In re SJT Ventures, LLC, 2010 WL 3342206 (Bankr. N.D. Texas 2010)

CASE SNAPSHOT

A chapter 11 debtor sought confirmation of its reorganization plan, over the objections of its oversecured commercial mortgage lender. The lender objected to the rate of interest proposed in the debtor’s plan, arguing that it should receive the contractual rate of interest. The debtor argued that the market rate of interest was appropriate. The court agreed with the debtor, holding that, with regard to oversecured commercial loans, a “market formula” was the appropriate method for calculating the post-confirmation interest rate.

FACTUAL BACKGROUND

SJT Ventures, LLC purchased a commercial office building in Dallas. When the economy turned downward in 2008, SJT fell behind in its payments. Unable to work out an arrangement with its lender, SJT filed a chapter 11 petition. In the six months between the petition date and the filing of its proposed plan of reorganization, the debtor experienced positive tenant growth and a somewhat better financial situation. The debtor’s original plan proposed that the lender’s secured claim would be paid in full over 60 months, ending with a balloon payment. The claims would be amortized over 30 years with a 5 percent interest rate per annum. At the confirmation hearing, the debtor orally amended its plan, providing for repayment of the lender’s claim within five years, together with interest at 6.35 percent per annum. Except for the secured lender, all classes of creditors voted to accept the amended plan.  

The secured lender objected to the feasibility of the plan, as well as to the cramdown interest rate. Specifically, the secured lender argued that since it was oversecured, it should be paid the contract interest rate of 8.69 percent.  

COURT ANALYSIS

In considering the facts before it, the Bankruptcy Court examined the applicability of In re Good, 413 B.R. 552 (Bankr. E.D. Tex. 2009, aff’d 428 B.R. 249 (E.D. Tex. 2010) (holding that an oversecured creditor is entitled to the contractual rate when debtor is solvent and could afford the contract rate). The Bankruptcy Court, however, distinguished Good on the basis that the debtor in that case had sufficient assets to pay its creditors in full, while still paying its oversecured creditor at the default rate of interest specified in the contract – a circumstance not present here.

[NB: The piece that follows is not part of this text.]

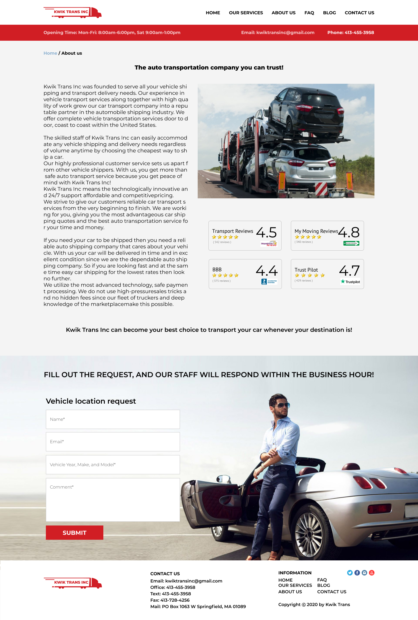 Закажите готовый продающий сайт визитка #223 в Кирове за 5-7 дня «под ключ»: свёрстан, отрисован и готов к рекламе. Тематика шаблона «Safe & Reliable National Auto Transport».

In addition, the Bankruptcy Court distinguished authority that examined preconfirmation rates of interests, focusing instead on cases that evaluated the appropriate post-confirmation rate. In doing so, the Bankruptcy Court noted that, while the pre-confirmation contractual interest rate was the settled law in the Fifth Circuit, post-confirmation interest was still “an issue of developing bankruptcy law.”

The Bankruptcy Court further explained the distinction by focusing on the unique policy concerns that distinguish pre-confirmation and post-confirmation interest rates. Prior to confirmation, a secured creditor is entitled to receive the contract rate of interest from a solvent debtor because a lesser rate “would result in a windfall to those holding the equity position.” After confirmation, however, there is a new “bargain” under the cramdown provision of the Bankruptcy Code. A secured creditor need only receive the “present value” of its secured claim, and nothing in the Bankruptcy Code suggests that this value should change with the debtor’s level of financial solvency.

After examining the U.S. Supreme Court decision of Till v. SCS Credit Corp., 541 U.S. 465 (2005), the Bankruptcy Court rejected the notion that the contract rate is the presumptive rate of interest, and opted instead for a “formula approach.” The formula approach calculation starts with the prime lending rate (appropriate for very low-risk borrowers), and builds in additional interest to compensate for the bankrupt debtor’s higher degree of risk. Specifically, the Bankruptcy Court relied upon expert testimony, provided at the plan confirmation hearing, in holding that the formula usually applied by the appropriate market constituted the appropriate rate of interest.

COURT HOLDING

The Bankruptcy Court held that, with regard to oversecured commercial loans, the court will look to the formula ordinarily used by the market to derive the appropriate interest rate. This method, the court reasoned, will ensure that “secured creditors are compensated for the ‘time value of their money and the risk of default’ by way of an objective assessment, while at the same time employing the on-the-ground insight of an effective market, where it exists.”

PRACTICAL CONSIDERATIONS

This court takes the analysis set forth in the Good case a step further, clearly distinguishing between pre-confirmation and post-confirmation realities. Thus, an oversecured creditor must be willing to look beyond its contractual interest rate, analyze the local market, and methodically calculate a “market” rate of interest in staking out its position before the bankruptcy court.